» Brief
Restate exactly the lines below, from the one containing "PRODUCT DETAILS - Prada" through the final line, and leave out the pictures.

» Data in this exercise
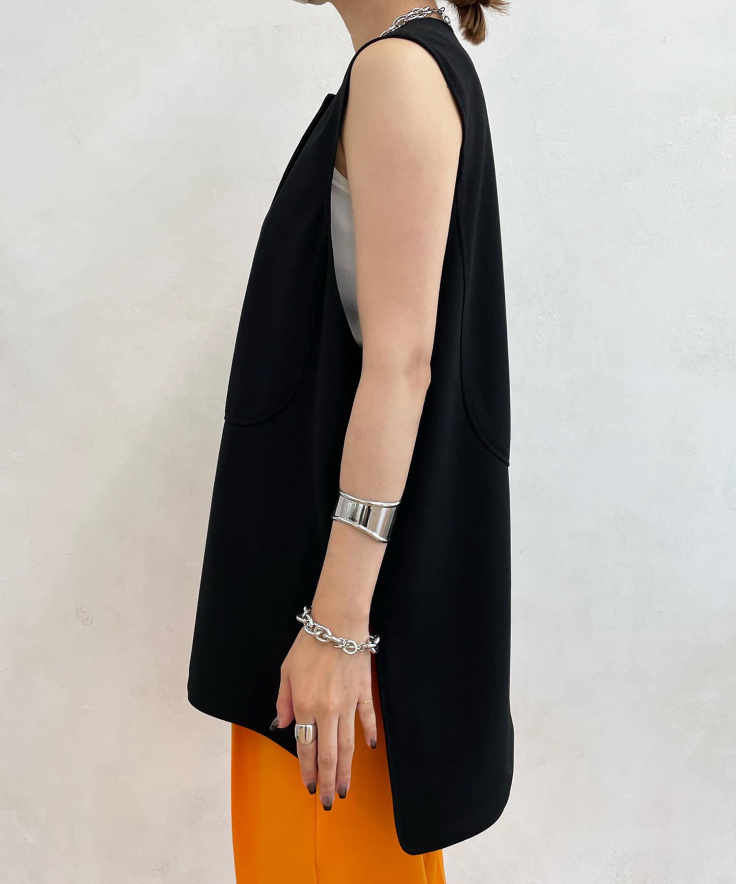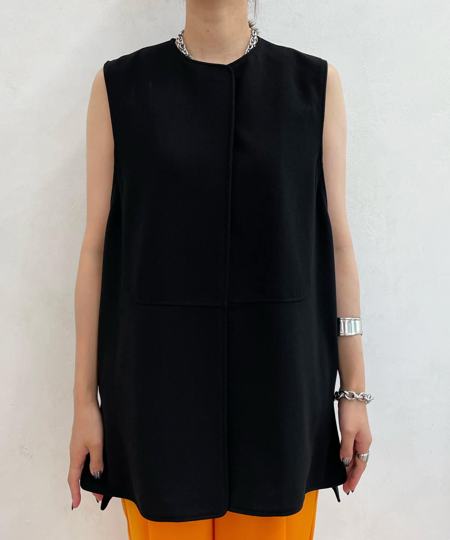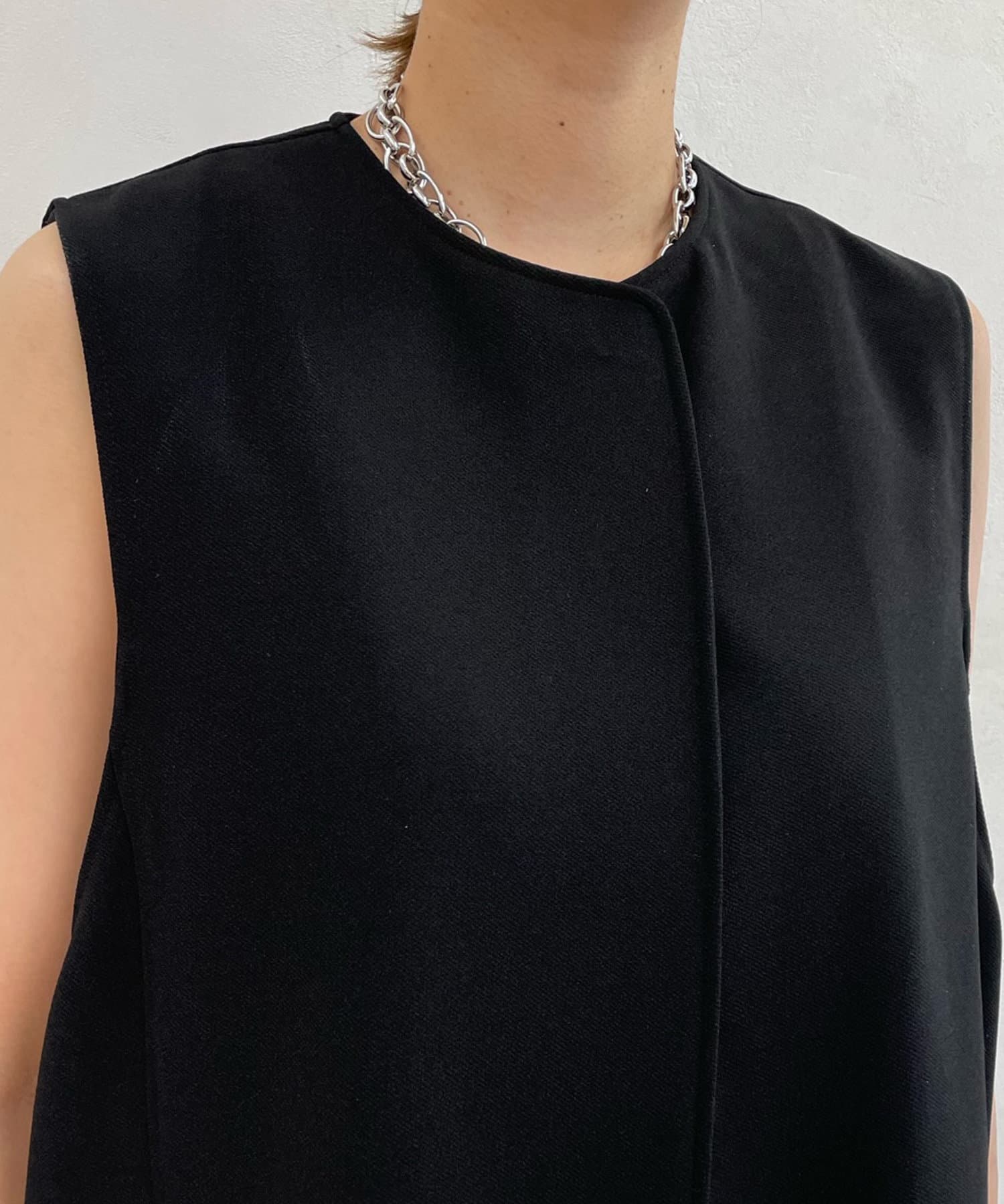 ノーカラーラウンドネックベスト
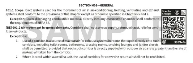 Practically, the style changes include streamlined lists, consistent grouping of associated content, shading for table headers and notes, single-column text, and modernized font styles. For displaying code changes, ICC moved away from marginal markings and will now use QR codes.
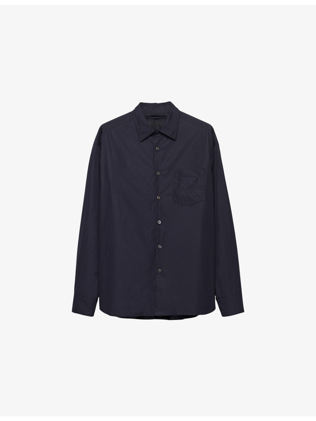 PRODUCT DETAILS - Prada cotton shirt - 100% cotton - Button fastening - Relaxed fit, classic collar, long sleeves, buttoned cuffs, patch pocket at chest with triangle applique, curved hem, lined and lightly padded - Dry clean only - Made in Italy - Model is 6ft 2in/1.88m and wears a size medium - Lightweight, non-stretch Ref: R04504187
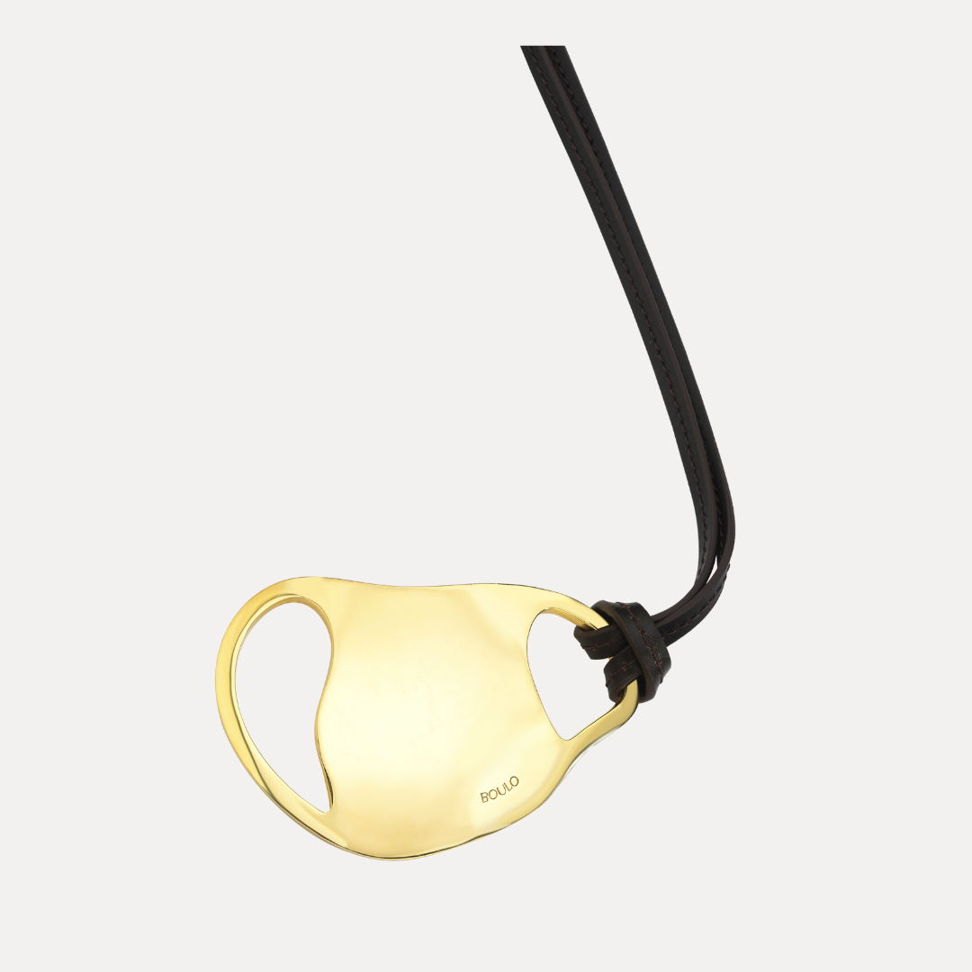 An effortless statement. A sculptural gold-tone abstract buckle intertwines with a 2m dark brown calf leather strap, stitched with precision and matching thread for a modern edge. Versatile by design, can be worn with jeans, tailored trousers, or over a dress.
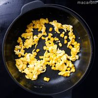 フライパンにバターを入れて溶かし、溶き卵、コーン加えて混ぜながら炒め、砂糖・塩で味付けして取り出します。
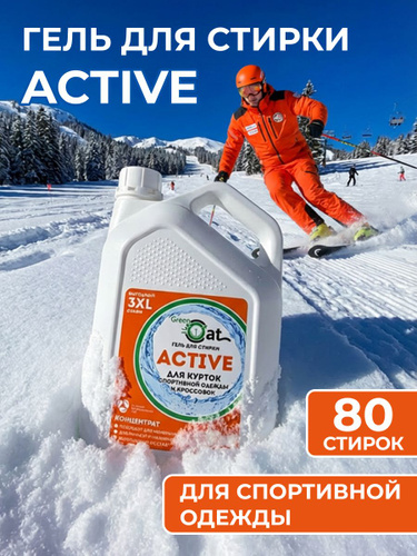 Гель для стирки спортивной одежды, кроссовок, курток пуховиков, белья концентрированный Green Cat ACTIVE 3 л , жидкий порошок
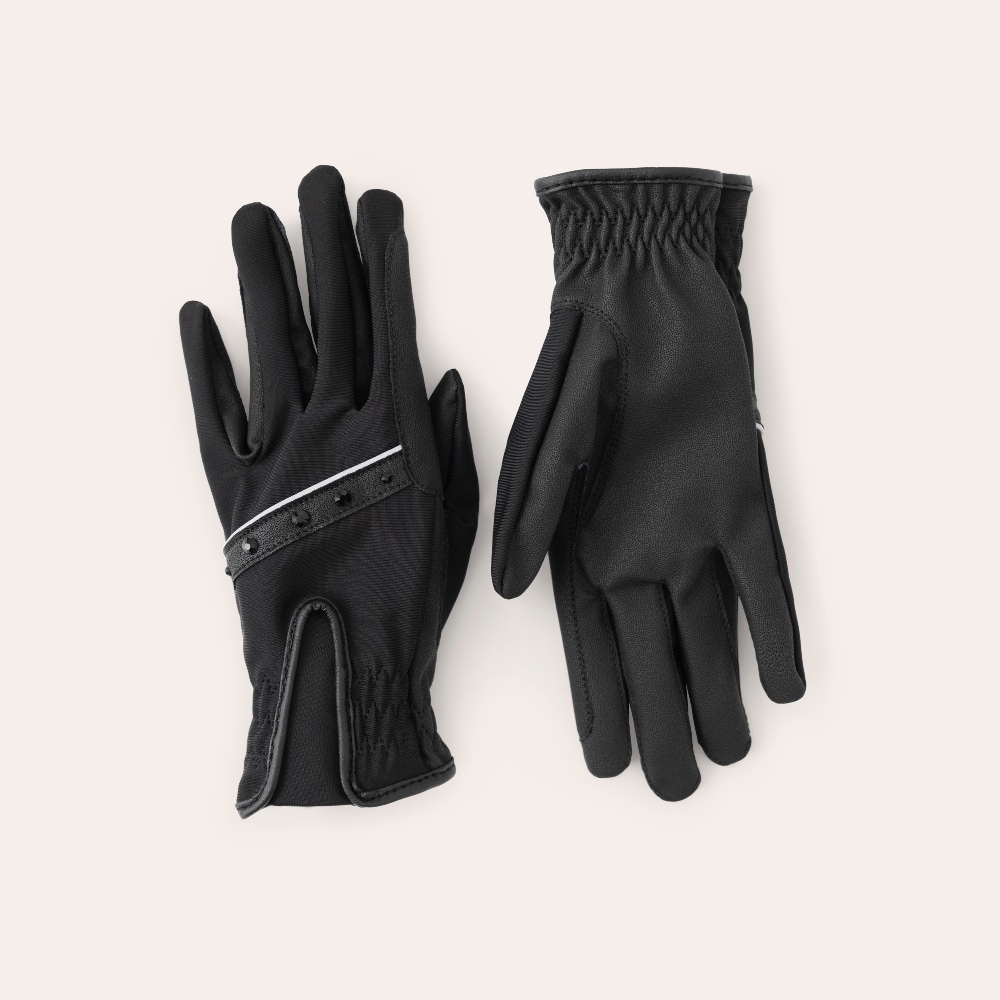 Klassisk ridhandske tillverkad i mjukt syntetmaterial som ger ett bra grepp om tygeln. Ovansida i stretchigt funktionsmaterial som ger en god rörlighet och ventilation. En nätt välsittande handske dekorerad med strasstenar.

» Expected answer
 PRODUCT DETAILS - Prada cotton shirt - 100% cotton - Button fastening - Relaxed fit, classic collar, long sleeves, buttoned cuffs, patch pocket at chest with triangle applique, curved hem, lined and lightly padded - Dry clean only - Made in Italy - Model is 6ft 2in/1.88m and wears a size medium - Lightweight, non-stretch Ref: R04504187
 An effortless statement. A sculptural gold-tone abstract buckle intertwines with a 2m dark brown calf leather strap, stitched with precision and matching thread for a modern edge. Versatile by design, can be worn with jeans, tailored trousers, or over a dress.
 フライパンにバターを入れて溶かし、溶き卵、コーン加えて混ぜながら炒め、砂糖・塩で味付けして取り出します。
 Гель для стирки спортивной одежды, кроссовок, курток пуховиков, белья концентрированный Green Cat ACTIVE 3 л , жидкий порошок
 Klassisk ridhandske tillverkad i mjukt syntetmaterial som ger ett bra grepp om tygeln. Ovansida i stretchigt funktionsmaterial som ger en god rörlighet och ventilation. En nätt välsittande handske dekorerad med strasstenar.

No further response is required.